The codebase is nine Python modules plus the Streamlit app:
| Module | What it owns |
|---|---|
roboadvisor.py |
Asset universe definition, the six allocation engines, score-modulation, the backtest with optional frictions (expense ratios, transaction costs), the Allocation dataclass, summary stats including Sortino/Calmar/Information Ratio, drawdown calculation. The brain. |
intake.py |
The three intake tiers, the question schemas, the scoring rule with knowledge gate, the continuous-score result for parameter modulation, P6 routing logic. |
macro.py |
Macro indicator downloads, synthetic-data fallback, the regime classifier, profile-aware regime interpretation, statistical shock detection, weekly-changes table, asset-macro correlations. |
graph_methods.py |
Mantegna distance, MST construction, eigenvector centrality, HRP, the centrality tilt, the regime-aware tilt strength function. |
explainability.py |
The risk declarations (six profiles), the parameter glossary, the IPS rendering.
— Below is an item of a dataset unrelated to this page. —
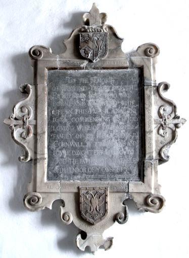 | Keywords: Yeo-Killigrew Monument 1636 ChittlehamptonChurch Devon.PNG en Mural monument to Edmond Yeo d 1636 of Hawkridge Chittlehampton Devon erected by his widow Elizabeth Killigrew St Hieritha's Church Chittlehampton east wall of south transept Inscribed To the memorie of Edmond Yeo of North Petherwin Esqr who was borne and departed this life in this parish An n o D omi ni 1636 commending his godly loving wife of the noble family of the Kelligrews in Cornwall w i th two sonns and foure daughters living to God the Father of ye fatherles s defendor of ye cause of ye widow s Praemisimus non amisimus i e we have sent him ahead we have not sent him away Above is a shield showing the arms of Yeo Argent a chevron sable between three ducks azure impaling Killigrew Argent an eagle with two heads displayed sable a bordure of the second bezantee inscribed underneath on the frame Edmond Yeo under the dexter side Eliz Killigrew under the sinister side On the sides of the frame is inscribed in Latin left side Leon Yeo ducens uxorem Leonard Yeo taking as his wife right side filiam et haeredem Stapletoni the daughter and heir of Stapleton His wife was Gertrude Stapleton daughter and heiress of George Stapleton of Rempstone Nottinghamshire and widow of Baldwin Acland d 1572 of Hawkridge Chittlehampton At the bottom is a shield displaying Killigrew alone around which is inscribed in Latin Elizabetha vidua relicta hoc monument um maerens posuit Elizabeth widow left behind placed this monument sorrowing own photo Lobsterthermidor <span class signature-talk ></span> 14 45 7 May 2015 UTC 2015 St Hieritha Chittlehampton interior Wall mounted church monuments in Devon Yeo arms |

All hand-written content, no LLM. |
monte_carlo.py |
Bootstrap forward simulation. Path generation, percentile bands, goal-tracking (probability of hitting target wealth, time-to-target), regular contributions. |
news_feed.py |
RSS-based financial headline fetcher. Display only, no analysis. Optional dependency on feedparser; falls back gracefully if unavailable. |
app.py |
The Streamlit UI. CSS, masthead, tier picker, questionnaire, seven result tabs (Allocation, Risk Declaration, Parameters, Asset Network, Macro Dashboard, Backtest, Forward Projection). |
clap_to_launch.py |
Optional cold-open gimmick — unrelated to the modelling. |
Plus:
requirements.txt— pinned dependencies.notebook_modelling.ipynb— Jupyter notebook for the in-class technical deep-dive.architecture.svg— the system architecture diagram.methodology.html— the executive deck (13 slides).landing/index.html— the portfolio landing page.profile_analytics.py— standalone analytics script that generates per-profile reports.
That's the system, end to end. Read this document linearly and you understand every piece.